HCC rates after interferon-free HCV treatment linked to baseline risk factors
Recently published data suggest that higher hepatocellular carcinoma incidence after sustained virologic response with interferon-free hepatitis C treatment correlates to patient baseline risk factors, such as age, Child-Turcotte Pugh score and prior treatment, rather than IFN-free therapy.
“Recent studies from Europe have warned that the risk of HCC occurrence in cirrhotic individuals may be higher after attaining an IFN-free hepatitis C cure versus an IFN-containing cure,” Hamish Innes, MD, from the Glasgow Caledonian University, and colleagues wrote. “Although this finding could have major implications for the treatment of HCV, the studies on which it was predicated did not carry out multivariate adjustment for confounding factors, and involved small sample sizes only.”
While there are competing theories to explain these results, the researchers focused on the hypothesis that patients treated with IFN-free therapy may have greater preexisting risk factors for HCC compared with patients treated with IFN-containing regimens.
The researchers gathered data on 857 patients from the Scottish HCV clinical database who attained SVR between Jan. 1, 1997, and Apr. 1, 2016, and had a diagnosis of liver cirrhosis prior to therapy. They excluded patients with hepatitis B or HIV coinfection or a diagnosis of HCC prior to treatment.
Patients who received IFN-free therapy (31.7%) were more likely to be older (52.1 vs. 48.1 years; P < .001), white (96% vs. 90.6%; P = .006), have Child-Turcotte-Pugh score B or C (30.4% vs. 9.5%; P < .001), have thrombocytopenia (39.3% vs. 22.1%; P < .001), have a genotype other than genotype 3 (72.8% vs. 35.7%; P < .001), and have been treated for HCV two or more times previously (16.9% vs. 6.7%; P < .001).
Over a median of 1.7 years, 12 patients treated with IFN-containing regimens experienced incident HCC with an event rate of 1.26 per 100 person-years. Thirty-four patients treated with IFN-free regimens experienced incident HCC over a median of 3.5 years with an event rate of 2.53 per 100 person-years. Most cases of HCC comprised a single nodule (61%).
On univariate analysis, the researchers found that patients treated with IFN-free regimens had a significantly higher risk for HCC (HR = 2.48; 95% CI, 1.14-5.37).
Other factors associated with increased HCC risk included age 50 years to 59 years (HR = 2.75; 95% CI, 1.4-5.41) or age 60 years or older (HR = 3.31; 95% CI, 1.37-8.02) compared with 40 years to 49 years; Child-Turcotte-Pugh score B or C (HR = 5.24; 95% CI, 2.63-10.46) compared with A; thrombocytopenia (HR = 3.96; 95% CI, 2.14-7.3); and two or more prior HCV treatments (HR = 3.52; 95% CI, 1.56-7.95).
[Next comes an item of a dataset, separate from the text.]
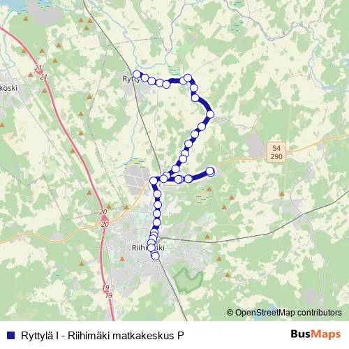 Ryttylä I - Riihimäki matkakeskus P bus Route Map

However, the correlation between IFN-free regimens and an increased risk for HCC was attenuated after multivariate adjustment (HR = 1.15; 95% CI, 0.49-2.71), due particularly to pre-treatment platelet count and Child-Turcotte-Pugh score.
Otherwise, the factors associated with increased risk for HCC remained similar to the univariate analysis for all patients: age 50 years to 59 years (HR = 2.68; 95% CI, 1.33-5.37) or age 60 years or older (HR = 3.62; 95% CI, 1.41-9.3) compared with 40 years to 49 years; Child-Turcotte-Pugh B or C (HR = 2.58; 95% CI, 1.16;5.76); thrombocytopenia (HR = 2.68; 95% CI, 1.32-5.45); and two or more prior HCV treatments (HR = 2.52; 95% CI, 1.04-6.13).
“A major finding from this study therefore, is that upon adjusting for these differences ... the elevated risk of HCC associated with IFN-free regimens was almost entirely attenuated,” Innes and colleagues concluded. “This would tend to indicate that the higher risk of HCC occurrence among individuals receiving IFN-free therapy is a reflection of the shifting patient case mix, as opposed to the pharmacodynamics of IFN-free therapy or any other direct or indirect consequence of IFN-free therapy itself.”
Disclosure: The authors report no relevant financial disclosures.